Input material: Begin

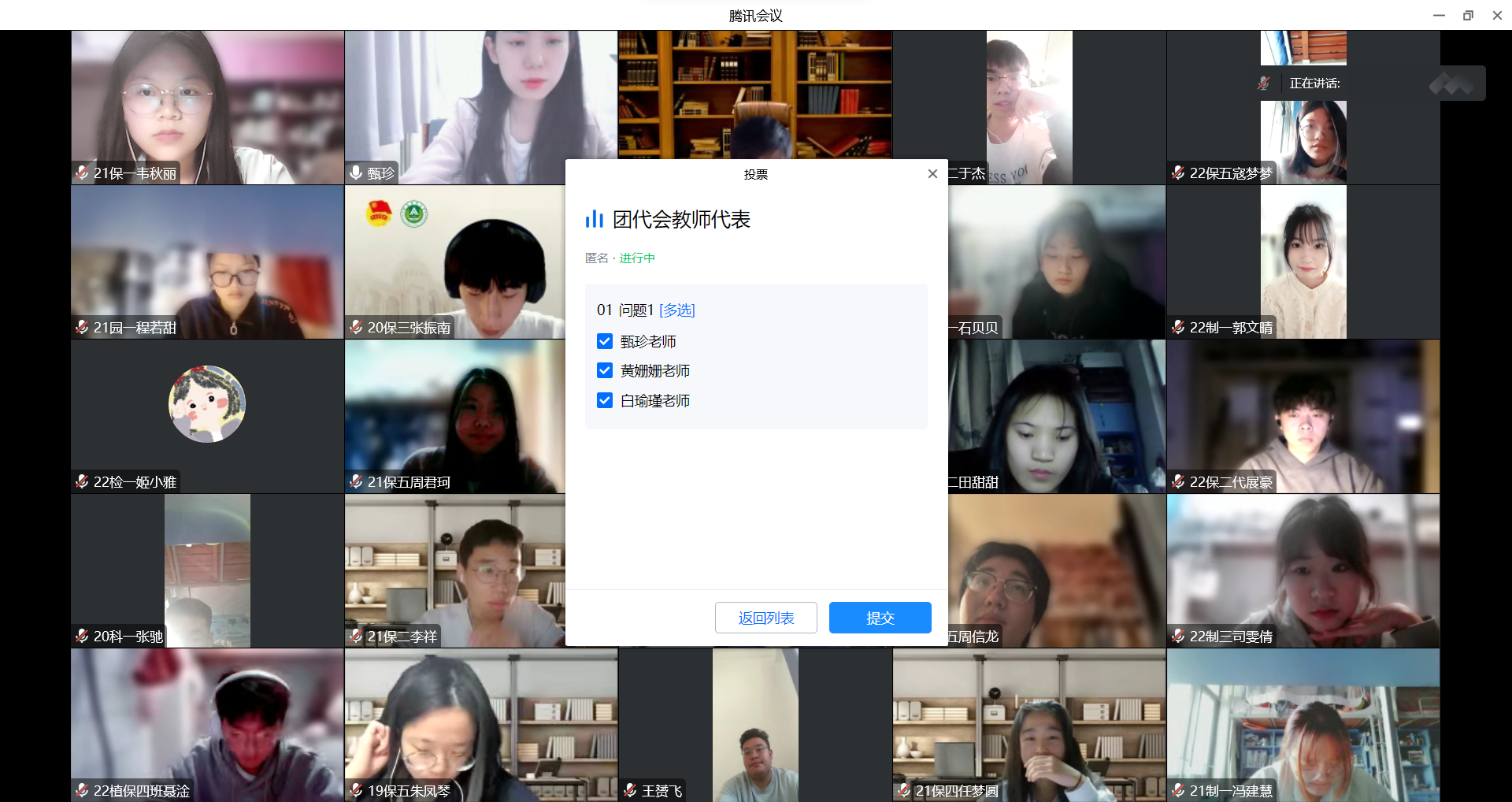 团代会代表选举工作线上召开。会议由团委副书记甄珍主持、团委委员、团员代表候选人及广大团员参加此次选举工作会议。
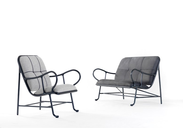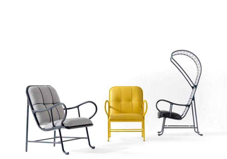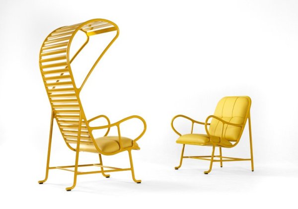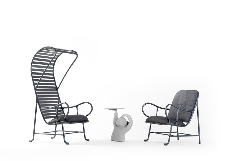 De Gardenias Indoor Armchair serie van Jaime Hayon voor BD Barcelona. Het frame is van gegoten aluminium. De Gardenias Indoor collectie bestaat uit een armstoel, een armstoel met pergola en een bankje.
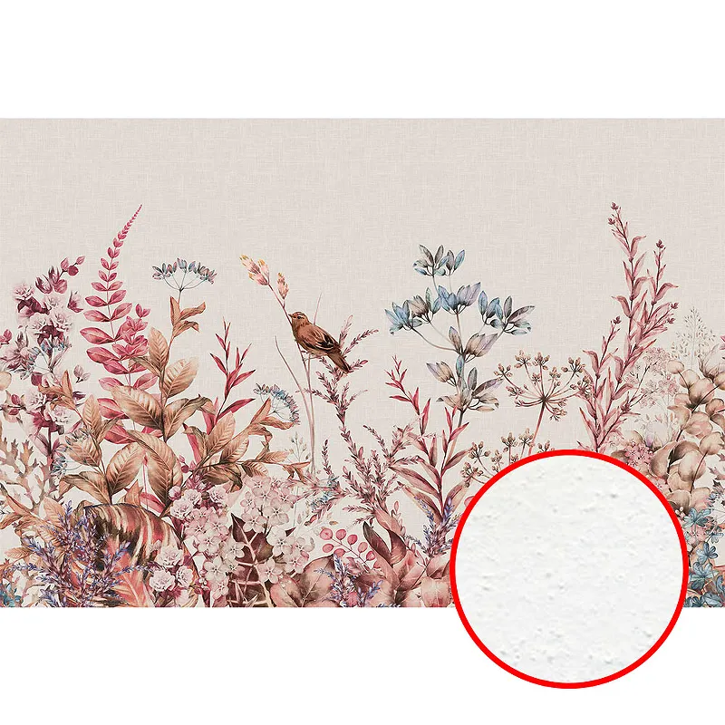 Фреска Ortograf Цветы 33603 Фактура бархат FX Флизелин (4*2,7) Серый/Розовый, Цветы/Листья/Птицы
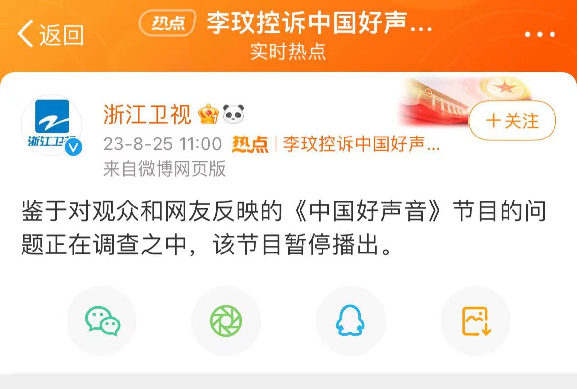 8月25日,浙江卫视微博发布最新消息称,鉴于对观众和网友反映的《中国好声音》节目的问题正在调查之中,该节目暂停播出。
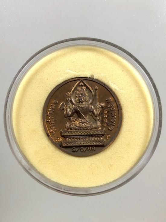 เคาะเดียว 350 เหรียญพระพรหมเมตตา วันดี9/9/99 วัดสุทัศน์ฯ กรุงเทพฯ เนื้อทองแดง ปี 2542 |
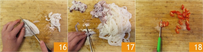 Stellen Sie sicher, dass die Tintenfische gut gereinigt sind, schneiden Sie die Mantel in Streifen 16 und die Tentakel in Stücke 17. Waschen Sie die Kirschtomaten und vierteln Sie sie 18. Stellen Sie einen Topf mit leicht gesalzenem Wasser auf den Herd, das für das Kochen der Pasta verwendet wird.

Input material: End

_What is being asked_
Do not include images; quote all of the entries above exactly.

_Response to the task_
 团代会代表选举工作线上召开。会议由团委副书记甄珍主持、团委委员、团员代表候选人及广大团员参加此次选举工作会议。
 De Gardenias Indoor Armchair serie van Jaime Hayon voor BD Barcelona. Het frame is van gegoten aluminium. De Gardenias Indoor collectie bestaat uit een armstoel, een armstoel met pergola en een bankje.
 Фреска Ortograf Цветы 33603 Фактура бархат FX Флизелин (4*2,7) Серый/Розовый, Цветы/Листья/Птицы
 8月25日,浙江卫视微博发布最新消息称,鉴于对观众和网友反映的《中国好声音》节目的问题正在调查之中,该节目暂停播出。
 เคาะเดียว 350 เหรียญพระพรหมเมตตา วันดี9/9/99 วัดสุทัศน์ฯ กรุงเทพฯ เนื้อทองแดง ปี 2542 |
 Stellen Sie sicher, dass die Tintenfische gut gereinigt sind, schneiden Sie die Mantel in Streifen 16 und die Tentakel in Stücke 17. Waschen Sie die Kirschtomaten und vierteln Sie sie 18. Stellen Sie einen Topf mit leicht gesalzenem Wasser auf den Herd, das für das Kochen der Pasta verwendet wird.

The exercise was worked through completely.